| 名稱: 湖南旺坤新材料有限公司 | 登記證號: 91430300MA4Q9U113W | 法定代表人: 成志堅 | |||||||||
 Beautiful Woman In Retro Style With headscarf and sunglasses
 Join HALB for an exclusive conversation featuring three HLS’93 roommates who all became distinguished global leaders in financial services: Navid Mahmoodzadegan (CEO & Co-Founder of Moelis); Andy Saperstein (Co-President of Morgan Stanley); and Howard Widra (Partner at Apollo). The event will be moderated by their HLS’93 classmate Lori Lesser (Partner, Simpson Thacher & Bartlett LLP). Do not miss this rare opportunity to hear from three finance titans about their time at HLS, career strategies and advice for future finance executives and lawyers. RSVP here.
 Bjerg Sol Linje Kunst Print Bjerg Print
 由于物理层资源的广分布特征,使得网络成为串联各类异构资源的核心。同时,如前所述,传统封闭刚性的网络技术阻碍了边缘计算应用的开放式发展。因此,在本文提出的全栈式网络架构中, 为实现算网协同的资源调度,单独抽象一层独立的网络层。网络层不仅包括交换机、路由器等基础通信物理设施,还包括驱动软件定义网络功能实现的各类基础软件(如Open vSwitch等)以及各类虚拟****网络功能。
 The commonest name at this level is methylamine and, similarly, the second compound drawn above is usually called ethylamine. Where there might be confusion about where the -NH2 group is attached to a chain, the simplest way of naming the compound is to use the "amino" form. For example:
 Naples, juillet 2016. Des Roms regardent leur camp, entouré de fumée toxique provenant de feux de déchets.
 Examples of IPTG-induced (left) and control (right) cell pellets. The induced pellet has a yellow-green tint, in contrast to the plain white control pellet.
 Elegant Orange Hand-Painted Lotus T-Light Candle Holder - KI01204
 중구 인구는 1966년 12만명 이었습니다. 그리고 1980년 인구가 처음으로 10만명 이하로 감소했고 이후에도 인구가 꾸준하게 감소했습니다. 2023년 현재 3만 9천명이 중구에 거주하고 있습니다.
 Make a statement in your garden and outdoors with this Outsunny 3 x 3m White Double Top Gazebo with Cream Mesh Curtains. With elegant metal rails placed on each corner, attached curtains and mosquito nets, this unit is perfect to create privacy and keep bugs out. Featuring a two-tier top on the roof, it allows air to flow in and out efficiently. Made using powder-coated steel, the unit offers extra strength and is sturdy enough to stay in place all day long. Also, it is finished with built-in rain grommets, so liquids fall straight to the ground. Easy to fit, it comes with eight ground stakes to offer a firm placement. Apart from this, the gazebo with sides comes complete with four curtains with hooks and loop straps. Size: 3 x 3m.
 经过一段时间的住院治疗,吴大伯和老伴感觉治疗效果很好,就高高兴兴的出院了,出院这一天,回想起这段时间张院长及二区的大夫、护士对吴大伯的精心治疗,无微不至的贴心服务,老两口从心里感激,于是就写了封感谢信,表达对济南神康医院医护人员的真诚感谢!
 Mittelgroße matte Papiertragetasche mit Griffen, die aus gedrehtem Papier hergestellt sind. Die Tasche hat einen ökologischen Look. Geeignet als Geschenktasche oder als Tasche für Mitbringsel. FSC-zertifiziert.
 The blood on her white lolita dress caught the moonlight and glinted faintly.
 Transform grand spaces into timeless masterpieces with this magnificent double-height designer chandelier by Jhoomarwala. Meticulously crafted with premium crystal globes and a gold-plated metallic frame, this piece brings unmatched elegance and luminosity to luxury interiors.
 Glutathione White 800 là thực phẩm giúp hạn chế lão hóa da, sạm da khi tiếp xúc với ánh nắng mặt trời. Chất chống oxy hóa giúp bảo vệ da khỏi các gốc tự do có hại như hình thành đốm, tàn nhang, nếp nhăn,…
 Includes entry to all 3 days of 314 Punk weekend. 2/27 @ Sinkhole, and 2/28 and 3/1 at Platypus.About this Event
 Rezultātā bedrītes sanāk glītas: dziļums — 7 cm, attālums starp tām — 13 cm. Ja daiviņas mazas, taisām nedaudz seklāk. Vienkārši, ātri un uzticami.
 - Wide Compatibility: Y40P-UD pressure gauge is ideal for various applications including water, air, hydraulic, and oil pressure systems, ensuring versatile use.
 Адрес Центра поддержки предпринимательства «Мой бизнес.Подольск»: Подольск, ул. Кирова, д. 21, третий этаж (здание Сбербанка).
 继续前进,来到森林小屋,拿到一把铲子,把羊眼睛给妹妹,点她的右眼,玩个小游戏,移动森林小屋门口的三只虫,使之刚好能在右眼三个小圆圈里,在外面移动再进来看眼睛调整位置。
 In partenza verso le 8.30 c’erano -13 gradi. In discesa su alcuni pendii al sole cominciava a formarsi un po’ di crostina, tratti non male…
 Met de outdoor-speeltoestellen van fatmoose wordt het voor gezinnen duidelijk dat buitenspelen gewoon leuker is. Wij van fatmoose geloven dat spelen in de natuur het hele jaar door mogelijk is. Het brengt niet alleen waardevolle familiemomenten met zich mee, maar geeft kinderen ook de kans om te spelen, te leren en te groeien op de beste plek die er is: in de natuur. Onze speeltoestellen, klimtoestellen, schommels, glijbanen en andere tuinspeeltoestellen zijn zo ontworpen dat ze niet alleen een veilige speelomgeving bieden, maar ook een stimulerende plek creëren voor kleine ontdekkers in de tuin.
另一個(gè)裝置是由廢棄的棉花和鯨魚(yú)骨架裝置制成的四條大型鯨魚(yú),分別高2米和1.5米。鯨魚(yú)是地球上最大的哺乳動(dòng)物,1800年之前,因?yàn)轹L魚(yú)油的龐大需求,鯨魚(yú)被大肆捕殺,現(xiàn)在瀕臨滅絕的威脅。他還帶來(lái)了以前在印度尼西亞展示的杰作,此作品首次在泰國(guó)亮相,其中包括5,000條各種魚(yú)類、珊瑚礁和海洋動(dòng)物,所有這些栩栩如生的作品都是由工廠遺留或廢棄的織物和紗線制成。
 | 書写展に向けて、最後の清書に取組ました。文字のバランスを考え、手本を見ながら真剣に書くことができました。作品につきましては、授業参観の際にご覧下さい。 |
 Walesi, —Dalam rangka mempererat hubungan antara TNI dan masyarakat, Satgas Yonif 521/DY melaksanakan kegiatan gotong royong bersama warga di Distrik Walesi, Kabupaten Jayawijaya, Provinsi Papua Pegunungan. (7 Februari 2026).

**What you will do:** An exact restatement of the data is required.

**Written solution:**
| 名稱: 湖南旺坤新材料有限公司 | 登記證號: 91430300MA4Q9U113W | 法定代表人: 成志堅 | |||||||||
 Beautiful Woman In Retro Style With headscarf and sunglasses
 Join HALB for an exclusive conversation featuring three HLS’93 roommates who all became distinguished global leaders in financial services: Navid Mahmoodzadegan (CEO & Co-Founder of Moelis); Andy Saperstein (Co-President of Morgan Stanley); and Howard Widra (Partner at Apollo). The event will be moderated by their HLS’93 classmate Lori Lesser (Partner, Simpson Thacher & Bartlett LLP). Do not miss this rare opportunity to hear from three finance titans about their time at HLS, career strategies and advice for future finance executives and lawyers. RSVP here.
 Bjerg Sol Linje Kunst Print Bjerg Print
 由于物理层资源的广分布特征,使得网络成为串联各类异构资源的核心。同时,如前所述,传统封闭刚性的网络技术阻碍了边缘计算应用的开放式发展。因此,在本文提出的全栈式网络架构中, 为实现算网协同的资源调度,单独抽象一层独立的网络层。网络层不仅包括交换机、路由器等基础通信物理设施,还包括驱动软件定义网络功能实现的各类基础软件(如Open vSwitch等)以及各类虚拟****网络功能。
 The commonest name at this level is methylamine and, similarly, the second compound drawn above is usually called ethylamine. Where there might be confusion about where the -NH2 group is attached to a chain, the simplest way of naming the compound is to use the "amino" form. For example:
 Naples, juillet 2016. Des Roms regardent leur camp, entouré de fumée toxique provenant de feux de déchets.
 Examples of IPTG-induced (left) and control (right) cell pellets. The induced pellet has a yellow-green tint, in contrast to the plain white control pellet.
 Elegant Orange Hand-Painted Lotus T-Light Candle Holder - KI01204
 중구 인구는 1966년 12만명 이었습니다. 그리고 1980년 인구가 처음으로 10만명 이하로 감소했고 이후에도 인구가 꾸준하게 감소했습니다. 2023년 현재 3만 9천명이 중구에 거주하고 있습니다.
 Make a statement in your garden and outdoors with this Outsunny 3 x 3m White Double Top Gazebo with Cream Mesh Curtains. With elegant metal rails placed on each corner, attached curtains and mosquito nets, this unit is perfect to create privacy and keep bugs out. Featuring a two-tier top on the roof, it allows air to flow in and out efficiently. Made using powder-coated steel, the unit offers extra strength and is sturdy enough to stay in place all day long. Also, it is finished with built-in rain grommets, so liquids fall straight to the ground. Easy to fit, it comes with eight ground stakes to offer a firm placement. Apart from this, the gazebo with sides comes complete with four curtains with hooks and loop straps. Size: 3 x 3m.
 经过一段时间的住院治疗,吴大伯和老伴感觉治疗效果很好,就高高兴兴的出院了,出院这一天,回想起这段时间张院长及二区的大夫、护士对吴大伯的精心治疗,无微不至的贴心服务,老两口从心里感激,于是就写了封感谢信,表达对济南神康医院医护人员的真诚感谢!
 Mittelgroße matte Papiertragetasche mit Griffen, die aus gedrehtem Papier hergestellt sind. Die Tasche hat einen ökologischen Look. Geeignet als Geschenktasche oder als Tasche für Mitbringsel. FSC-zertifiziert.
 The blood on her white lolita dress caught the moonlight and glinted faintly.
 Transform grand spaces into timeless masterpieces with this magnificent double-height designer chandelier by Jhoomarwala. Meticulously crafted with premium crystal globes and a gold-plated metallic frame, this piece brings unmatched elegance and luminosity to luxury interiors.
 Glutathione White 800 là thực phẩm giúp hạn chế lão hóa da, sạm da khi tiếp xúc với ánh nắng mặt trời. Chất chống oxy hóa giúp bảo vệ da khỏi các gốc tự do có hại như hình thành đốm, tàn nhang, nếp nhăn,…
 Includes entry to all 3 days of 314 Punk weekend. 2/27 @ Sinkhole, and 2/28 and 3/1 at Platypus.About this Event
 Rezultātā bedrītes sanāk glītas: dziļums — 7 cm, attālums starp tām — 13 cm. Ja daiviņas mazas, taisām nedaudz seklāk. Vienkārši, ātri un uzticami.
 - Wide Compatibility: Y40P-UD pressure gauge is ideal for various applications including water, air, hydraulic, and oil pressure systems, ensuring versatile use.
 Адрес Центра поддержки предпринимательства «Мой бизнес.Подольск»: Подольск, ул. Кирова, д. 21, третий этаж (здание Сбербанка).
 继续前进,来到森林小屋,拿到一把铲子,把羊眼睛给妹妹,点她的右眼,玩个小游戏,移动森林小屋门口的三只虫,使之刚好能在右眼三个小圆圈里,在外面移动再进来看眼睛调整位置。
 In partenza verso le 8.30 c’erano -13 gradi. In discesa su alcuni pendii al sole cominciava a formarsi un po’ di crostina, tratti non male…
 Met de outdoor-speeltoestellen van fatmoose wordt het voor gezinnen duidelijk dat buitenspelen gewoon leuker is. Wij van fatmoose geloven dat spelen in de natuur het hele jaar door mogelijk is. Het brengt niet alleen waardevolle familiemomenten met zich mee, maar geeft kinderen ook de kans om te spelen, te leren en te groeien op de beste plek die er is: in de natuur. Onze speeltoestellen, klimtoestellen, schommels, glijbanen en andere tuinspeeltoestellen zijn zo ontworpen dat ze niet alleen een veilige speelomgeving bieden, maar ook een stimulerende plek creëren voor kleine ontdekkers in de tuin.
另一個(gè)裝置是由廢棄的棉花和鯨魚(yú)骨架裝置制成的四條大型鯨魚(yú),分別高2米和1.5米。鯨魚(yú)是地球上最大的哺乳動(dòng)物,1800年之前,因?yàn)轹L魚(yú)油的龐大需求,鯨魚(yú)被大肆捕殺,現(xiàn)在瀕臨滅絕的威脅。他還帶來(lái)了以前在印度尼西亞展示的杰作,此作品首次在泰國(guó)亮相,其中包括5,000條各種魚(yú)類、珊瑚礁和海洋動(dòng)物,所有這些栩栩如生的作品都是由工廠遺留或廢棄的織物和紗線制成。
 | 書写展に向けて、最後の清書に取組ました。文字のバランスを考え、手本を見ながら真剣に書くことができました。作品につきましては、授業参観の際にご覧下さい。 |
 Walesi, —Dalam rangka mempererat hubungan antara TNI dan masyarakat, Satgas Yonif 521/DY melaksanakan kegiatan gotong royong bersama warga di Distrik Walesi, Kabupaten Jayawijaya, Provinsi Papua Pegunungan. (7 Februari 2026).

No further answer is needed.